The stencil sheet is wrapped around the printing drum with the perforated 
resin film inside and with the ink-receptive sheet outside. When wrapping 
the stencil sheet, a pressure is applied by the pressing member from the 
ink-receptive side, and thereafter the ink-receptive sheet of the stencil 
sheet is separated by the substrate separating part. 
To this ink-receptive sheet thus separated, ink is transferred through the 
perforated portion of the resin film to print an image, thus making a test 
printing. It is, therefore, unnecessary to use a printing paper P for the 
purpose of test printing at the time of wrapping the stencil sheet on the 
printing drum. That is, an printed image has been formed on the 
ink-receptive sheet discharged out of the stencil printing machine, from 
which the fidelity of the perforated stencil sheet to the original master 
copy can be ascertained. 
After the separation of the ink-receptive sheet, only the perforated resin 
film remains on the printing drum and is used for actual printing. 
Therefore, since there is used no multi-porous substrate that formerly gave 
an adverse effect to printing, it is possible to obtain a printed matter 
which is faithful to the original copy. 
After completion of printing, the stencil discharge section for removing 
the resin film from the printing section is required to receive only a 
very thin resin film, and consequently the discharge stencil sheet 
receiving capacity in a specific volume can be remarkably improved. 
The above and other objects, aspects and advantages will become apparent to 
those skilled in the art by the preferred embodiment consistent with the 
principle of the invention, which will be discussed and illustrated in 
connection with the accompanying drawings.

DETAILED DESCRIPTION OF THE PREFERRED EMBODIMENT 
Hereinafter an embodiment of a stencil printing machine according to the 
present invention and a stencil sheet to be used in the same machine are 
explained. 
FIG. 1 is a schematic view of the stencil printing machine of the present 
invention. 
The stencil printing machine is provided with an original image reading 
section 5 including an image scanner 3, for reading an image of an 
original master copy to be printed; and a stencil perforating section 9 
having a stencil perforating device 7 for duplicating an image by 
perforating a stencil sheet S in accordance with an original image data 
read by the original image reading section 5. 
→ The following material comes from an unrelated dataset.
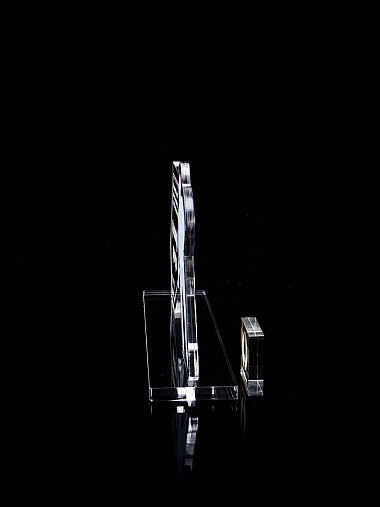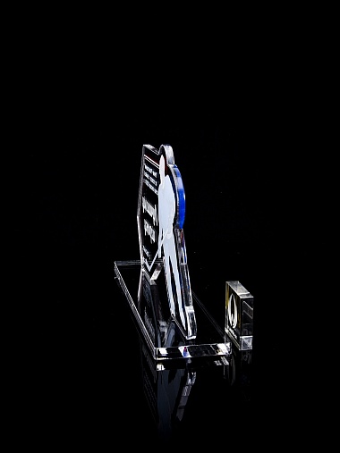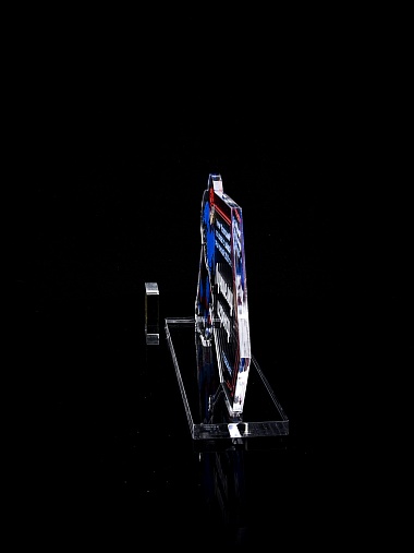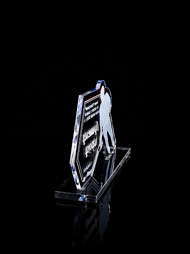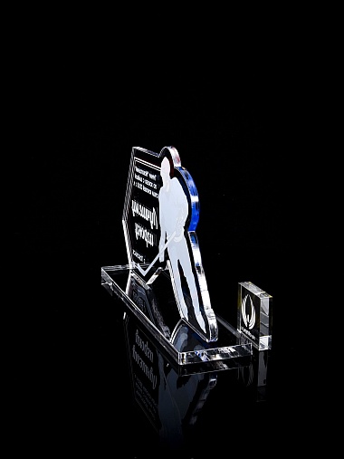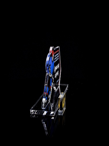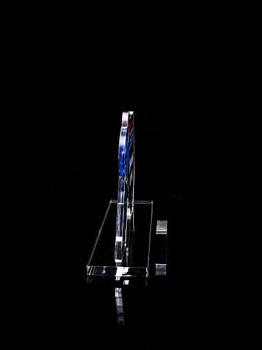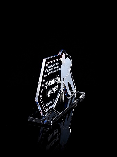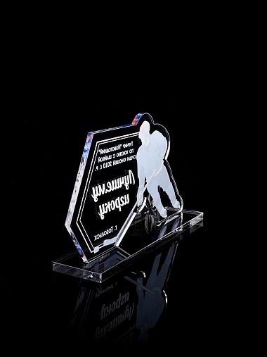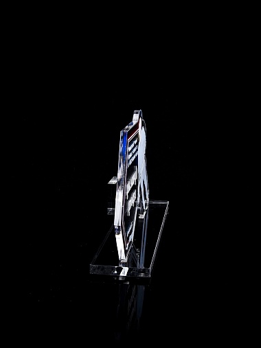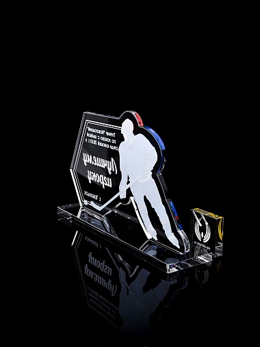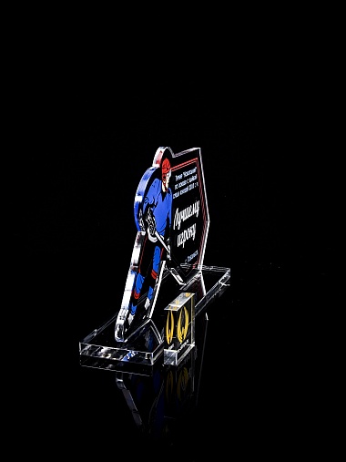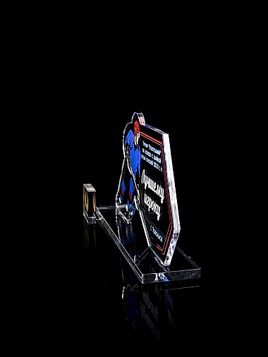 Приз из прозрачного акрила с цветной печатью. Расцветка формы, как и текст, могут быть любыми, согласно Вашим пожеланиям

The stencil perforating device 7 adopts a perforating system using a 
thermal head or other to prepare the stencil sheet S. The shape of 
perforation is preferably independent by each dot, but each dot is 
unnecessarily fully independent. The stencil sheet is demanded to have a 
good printing resistance to withstand a tearing force during printing and 
can be smoothly conveyed to a stencil discharge section 27 described 
later. 
It should be noticed that the stencil sheet S perforated to a normal image 
by a stencil perforating section 9 is sufficient. Also it should be noted 
that, in the present invention, the stencil sheet S rolled as illustrated 
is fed out successively and cut to a specific length after being 
perforated by the perforating device, but the stencil sheet S may be fed 
in a form of sheets which will be used one by one by each stencil 
preparation. 
The stencil sheet S, after preparation, must be stably conveyed to a 
printing section 10. Since a perforated resin film S2 is integral with the 
ink-receptive sheet which is a substrate of the stencil sheet, the stencil 
sheet will never be wrinkled at the time of stencil perforation and 
wrapping around a printing drum 11. 
The resin film S2 thus perforated by the stencil perforating section 9 is 
mounted, integrally with the ink-receptive sheet S1, around the outer 
peripheral surface of the printing drum 11 in the printing section 10. At 
this time, the stencil sheet S is wrapped with the resin film S2 on the 
printing drum 11 side. This wrapping is done by rotating the printing drum 
11 in the direction of the arrow in the drawing with the leading edge of 
the stencil sheet S securely clamped with a clamper 11a. 
The stencil sheet S, when wrapped, is simultaneously pressed against the 
printing drum 11 side by means of an impressing member 13, thus completing 
the installation of the stencil sheet on the printing drum 11. Thereafter 
the ink-receptive sheet S1 is separated from the resin film by the 
substrate separating section, and discharged out of the machine. For this 
substrate separating section, an existing separating pawl 21 is usable as 
the printing paper separating section as shown in FIG. 2. In the present 
embodiment, the ink-receptive sheet S1 is discharged out of the machine by 
this separating pawl, not by a special support separating section. 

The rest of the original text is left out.